At least it was when I was a teenager back in the 1970s.

I suppose it was the more innocent version of whatever those notorious “wife-swappers” and “swingers” were supposed to be all getting up to behind their closed curtains in the Shires back then, whilst the frustrated housewives weren’t seducing the window cleaners, that is.

This was all the kind of stuff that led to sentences like “I made my excuses and left” as the old “Investigative Journalists” used to say. Different times, different times… and all of which proves that I really ought not to base all my memories of an era upon the “pop culture” that has outlived the era in which it was made.

Whatever and however different the world might have been, the baying crowds nowadays who immediately commit “Trial by Twitter” whenever someone’s past indiscretions finally catch up with them did little to endear themselves to me during those times. “Someone” got arrested and a name got bandied about in cyberspace and this was immediately treated as “established fact” and the particular “much-loved” broadcaster suddenly transformed into the most hideous monster known to mankind about whom so many people suddenly felt the need to share that “they always thought” that there was something “funny” about him…

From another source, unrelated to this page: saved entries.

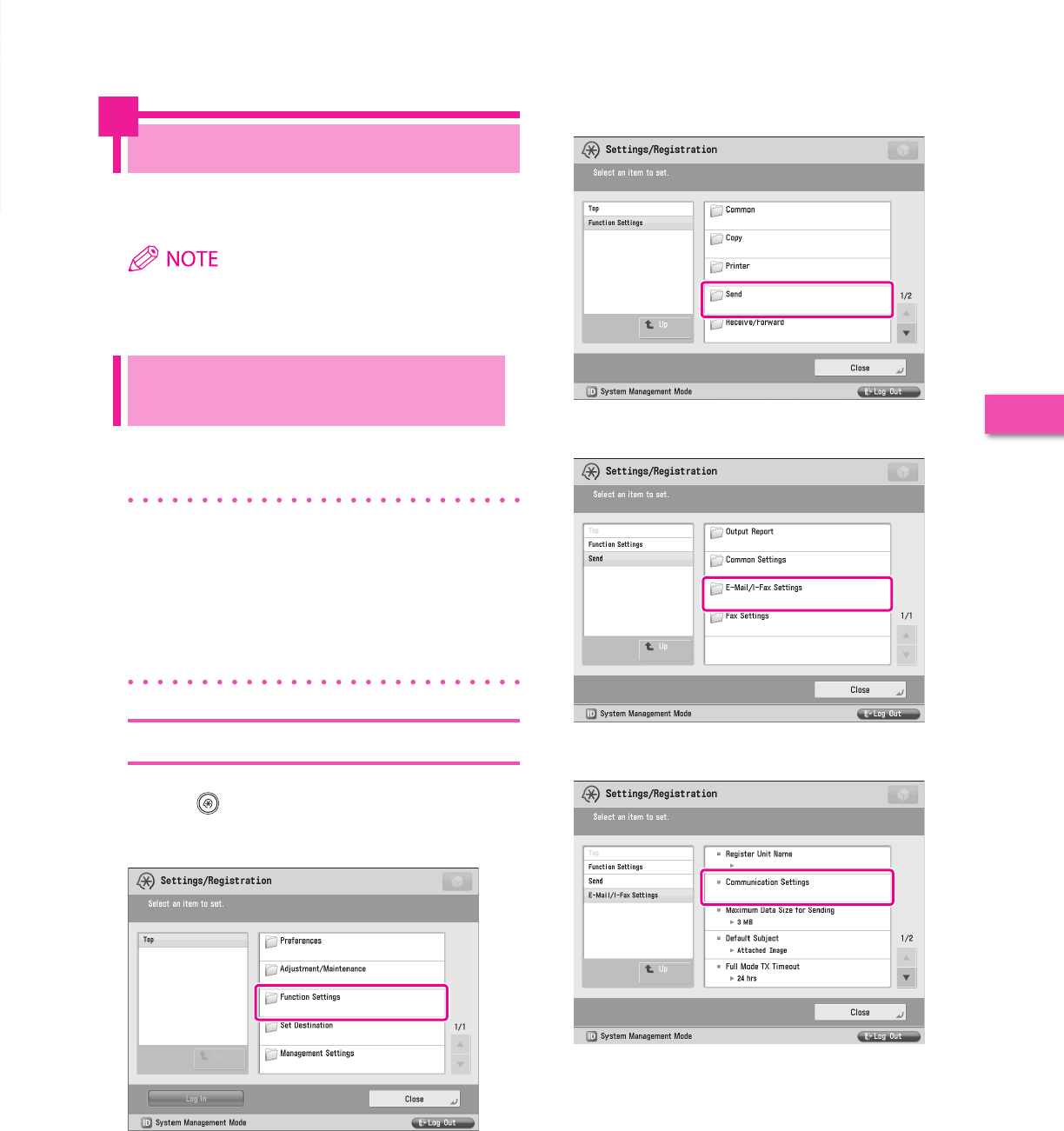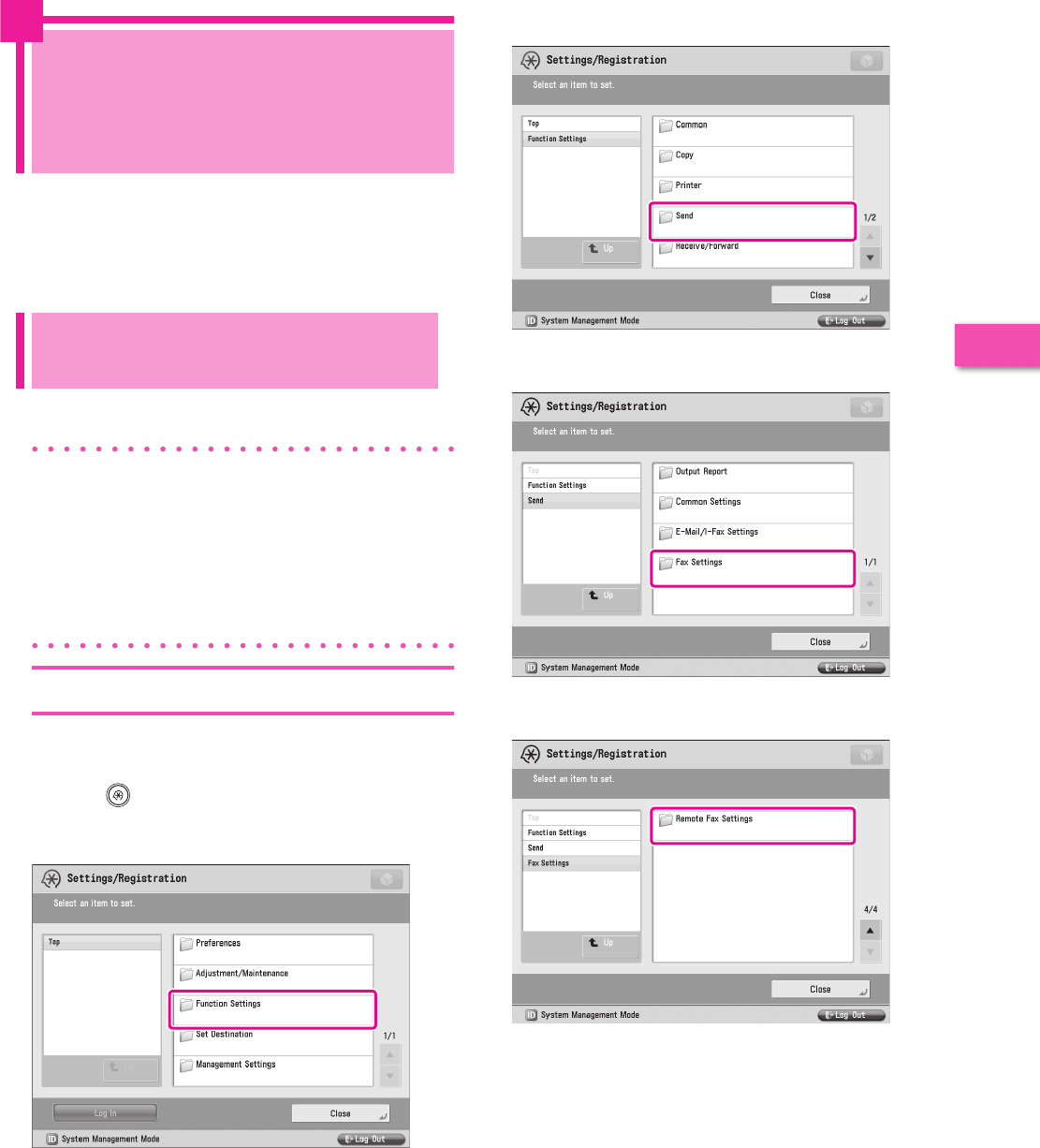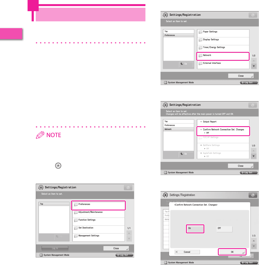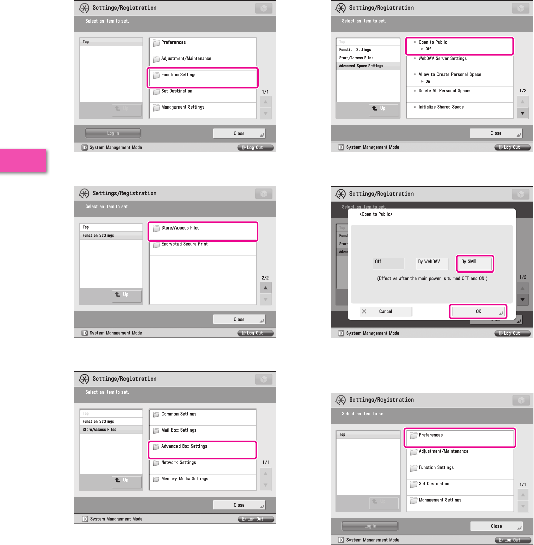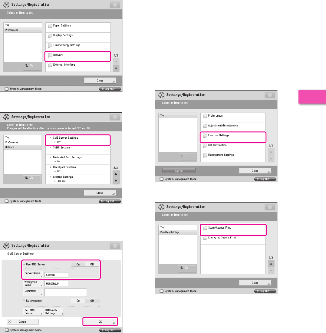 It is necessary to specify settings in advance to use some functions of the machine. Refer to “Flow of Settings for Using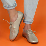 bolichero en cuero color platino - oro x cordón en cuero y forrado en cuero, suela en caucho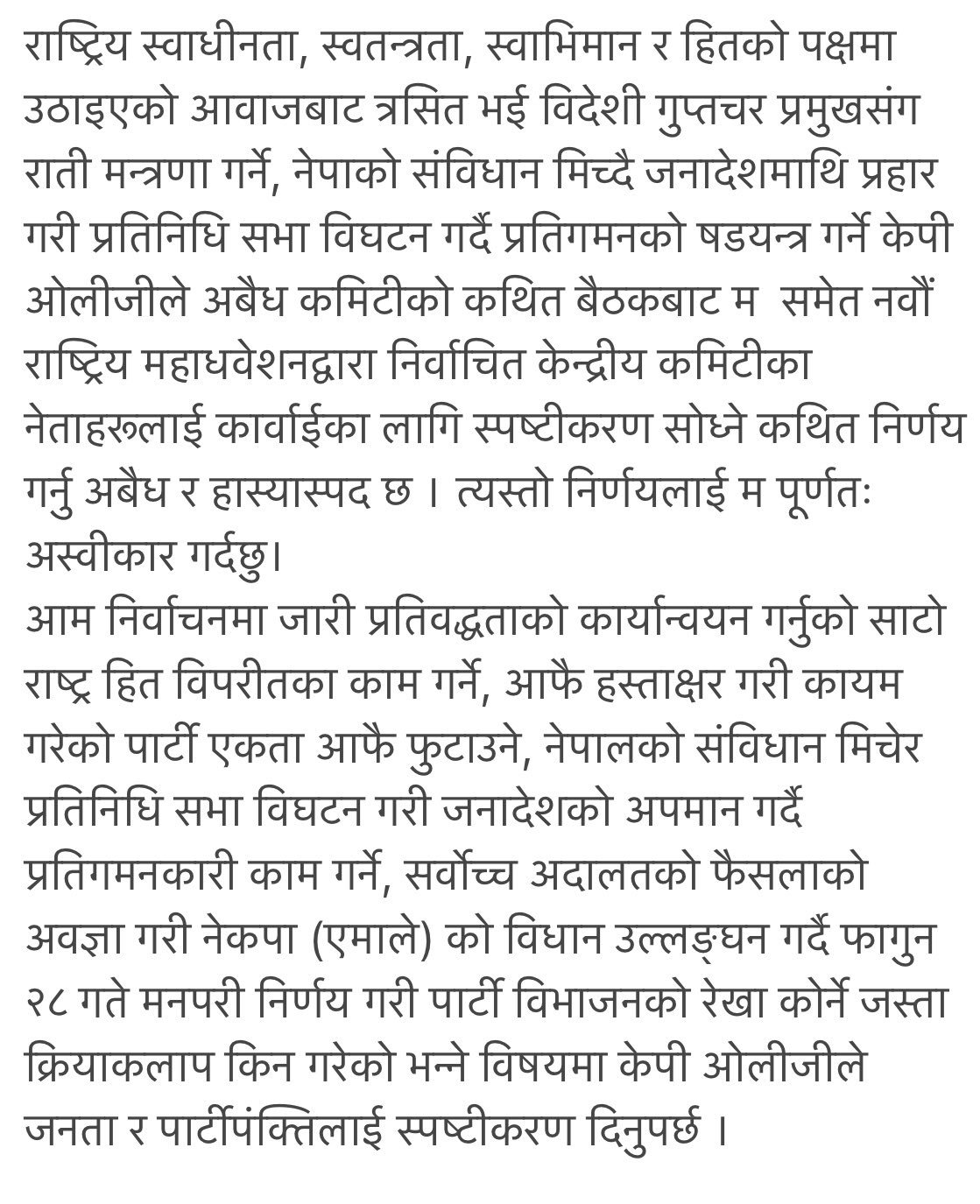 शनिबार नेकपा एमालेको ओली पक्षको केन्द्रीय कमिटी बैठकले स्पष्टीकरण सोध्ने निर्णय गरेपछि सामाजिक संजालमार्फत रावलले यो पार्टी अध्यक्ष केपी शर्मा ओलीको निरंकुश स्वेच्छाचारी प्रवृत्तिको द्योतक भएको बताएका हुन् । स्पष्टीकरण अबैध र हायास्पद भन्दै रावलले यो निर्णय अस्वीकार्य भएको बताएका छन् । रावलले लेखेका छन्ः

If any of these people did turn out to be innocent, of course, their lives would be ruined forever, and the wild hunting pack will get away with their crimes almost scot-free (although they do still have to look themselves in the mirror) because, as Lord Leveson said, it’s almost impossible to police the internet, and I do now suppose that people really are entitled to their opinion and are less and less likely to keep it to themselves nowadays, but I do wish that a lot of them would just shut up about what they “reckon” until they actually, genuinely KNOW something…

Not, perhaps that we shouldn’t try to police. Especially when we learn the tragic results of any kind of media bullying. After all, during that month, a nurse died because a woman of “importance” announced that she was pregnant and someone else decided to make sport of it, and merely just proved to me a couple of things that I’ve always believed: That something that is supposed to be a “bit of fun” often isn’t, and that we are not all built to spend our lives in the harsh spotlight of the media despite the sense, often created by the media itself, that all any of us really want is to be famous.

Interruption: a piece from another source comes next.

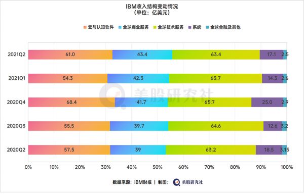 在收入构成上,IBM的Q2成绩还是可圈可点的,主要是云业务带来的增长明显,为主力版块实现了赋能式增长。具体来看: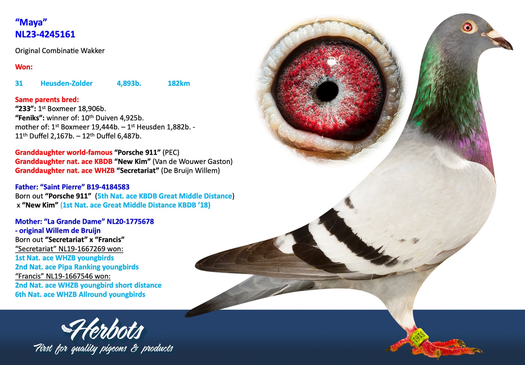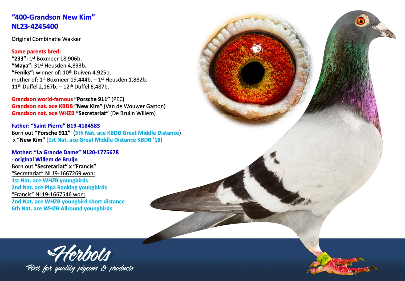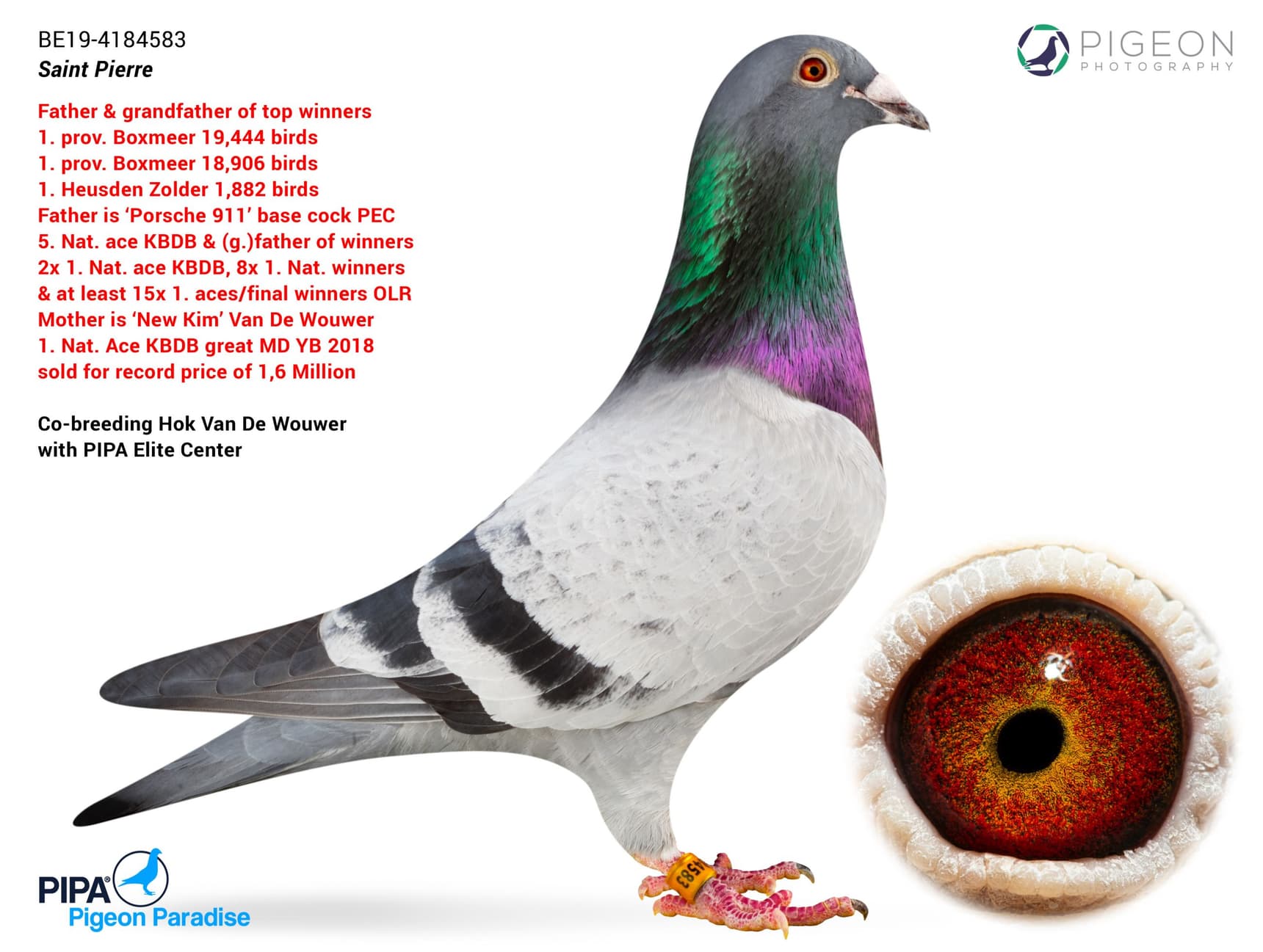 "Saint Pierre" B19-4184583 is een rechtstreekse zoon uit 2 wereldberoemde duiven namelijk "Porsche 911" x "New Kim"

Sir Patrick Moore died at the end of a year which hasn’t gone well for the “space” fan or the astronomy world, what with Neil Armstrong and Sir Bernard Lovell also being called up to the heavens, although, perhaps rather poetically, there were some spectacular full moon scenes to be seen in the skies at the beginning of the month, and some dazzlingly clear skies as the world got colder.

Meanwhile there were some numerically very strange dates involving beautifully balanced numbers that cannot now reoccur in most of our lifetimes now that we’ve passed the part of the century where the calendar months are outnumbered by the tally of the years. I do sometimes wonder about my similarly obsessive counterparts looking at the calendar one hundred years ago and wondering about how they thought that the world might turn out in a hundred years time. That generation were all but blown away by a huge war breaking out less than two years later of course, whilst we have the prospect of North Korean Long-range rockets to trouble us. Still, at least the world failed to end as some people predicted which should only serve to remind us that all calendars are merely fairly arbitrary human constructs.

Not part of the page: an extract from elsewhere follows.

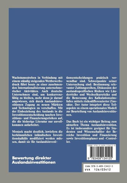 Die deutsche betriebswirtschaftliche Literatur hat sich mit den besonderen Problemen international tiitiger Konzerne lange Zeit wenig beschliftigt. Trotz einer in den letzten Jahren verstiirkten Erfassung und Beschreibung der Entscheidungsprobleme mangelt es in Teilbereichen an umfassenden Losungs anslitzen. Zu den offenen Problemen des internationalen Finanzmanagements als Teilgebiet einer internationalen Betriebswirtschaftslehre gehoren Investi tions- und Finanzierungsfragen, die aufgrund stlindig zunehmender Kapital verflechtungen deutscher Unternehmen mit dem Ausland an Bedeutung gewonnen haben. Dies spiegelt die Aktualitiit und Praxisrelevanz dieser auf einer Bochumer Dissertation basierenden Arbeit wider. Mit der Ausdehnung der Inve stitionsentscheidung auf das Ausland treten zuslitzliche EinfluBfaktoren auf, die eine Modifizierung inllindischer Investitionskalkiile erfordern. Auch in der anglo-amerikanischen Literatur ist die Problematik einzelwirtschaft licher Investitionskalkiile flir Direktinvestitionen trotz intensiver Diskussion zahlreicher Einzelprobleme kaum urnfassend dargestellt. Der Verfasser hat sich daher zum Ziel gesetzt, unter Diskussion und in Erweiterung bisheriger the ore tischer Uberlegungen ein moglichst umfassendes, zugleich aber praktikables Investitionskalkiil zu entwickeln. Er setzt sich demzufolge mit den bewertungs relevanten Zahlungsreihen, dem Wechselkursrisiko, der Bewertung des Llinder risikos sowie der Wahl des adliquaten KalkulationszinsfuBes kritisch auseinander.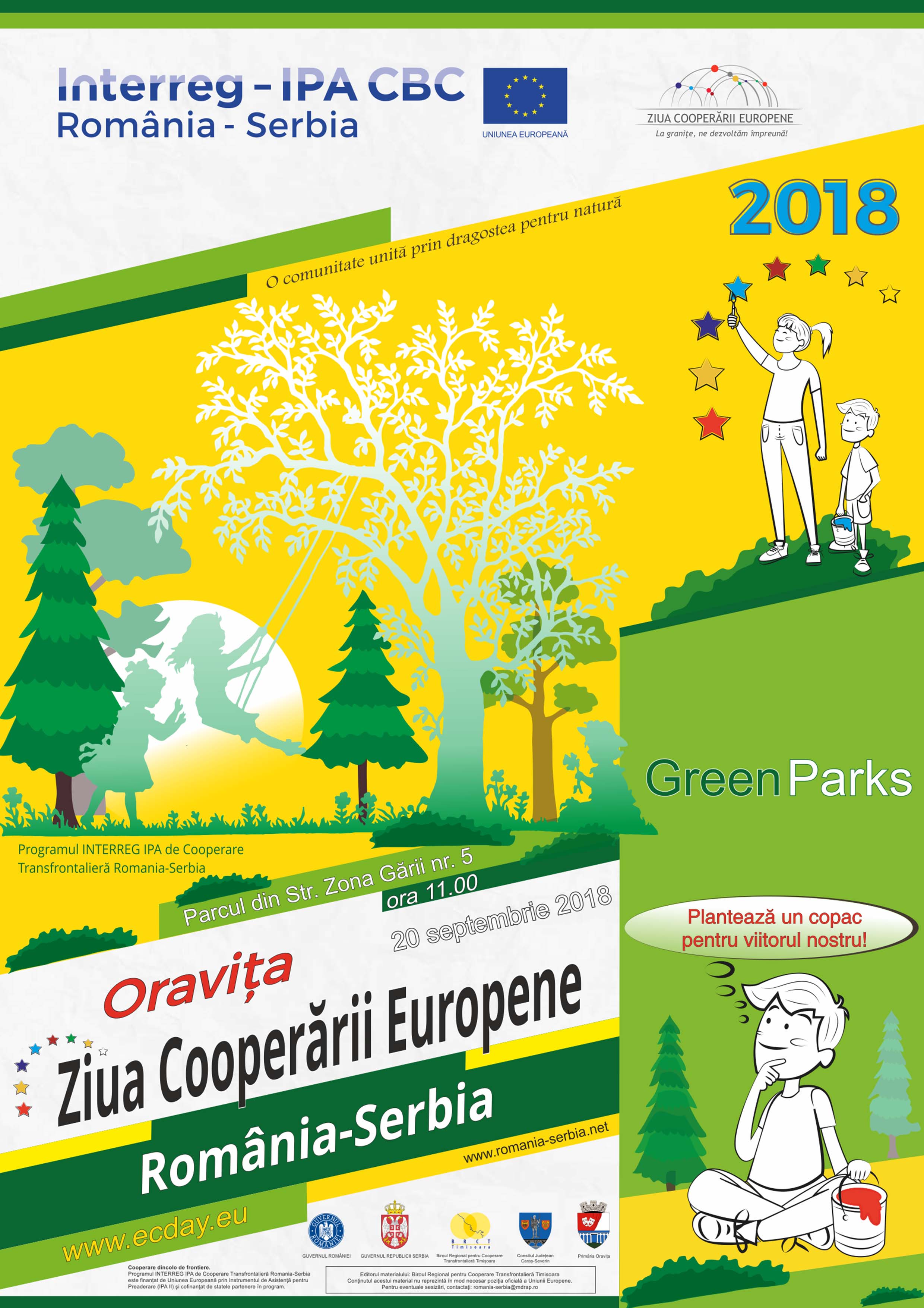 „În mod tradițional sărbătorim cu bucurie Ziua Cooperării Europene, un eveniment organizat în luna septembrie de către programele Interreg pe tot cuprinsul Europei pentru a celebra cooperareala granițele interne și externe ale Uniunii Europene. Dacă în anii precedenți am avut onoarea să aducem acest eveniment festiv atât în România la Timișoara, Reșița, Dr.Tr. Severin, cât și în Serbia la Vârșeț, Veliko Gradiște și Kikinda, anul acesta românii și sârbii se întâlnesc la Oravița.În 2018,pentru a sărbători „Ziua Cooperării Europene” în cadrul Programului INTERREG IPA de Cooperare Transfrontalieră România – Serbia, propunem organizarea unor activități de revalorificarea parcurilor urbane și de conștientizare a populației din zona transfrontalieră româno-sârbă cu privire la importanța mediului înconjurător pentru generațiile următoare.

And Christmas time came and went as it usually does…

Still, the day after Boxing Day can mean a return to “reality” in a lot of ways and for a great many people. The Christmas Day hangovers are fading, after being held off by the supplementary ones attained during Boxing Day. The revels are all but over for another year. Many of the toys are already broken. Most of the gadgets are now programmed and are now just found to be dull little boxes that go “ping” and ruin your life. The exotic boxes of “pong” will have turned out to have been a bunch of chemicals in a bottle and not brought the lifestyle promised through all those pretentious pre-Christmas adverts. Everything still has to be paid for and, for those of you who still choose to celebrate it, the system now needs to gear itself up for the dubious pleasures of New Year’s Eve and whatever fallout that may bring.

So there, I’ve gone and got on my “high horse” again after so many weeks of rambling around rather ineptly in the world of creative prose. Have you missed it? I’m sure that you haven’t, but now that we have got “back to normal” here in Lesser Blogfordshire, I suppose we’d better make the most of it.

Go on, I dare you to say that you’ve missed this kind of thing…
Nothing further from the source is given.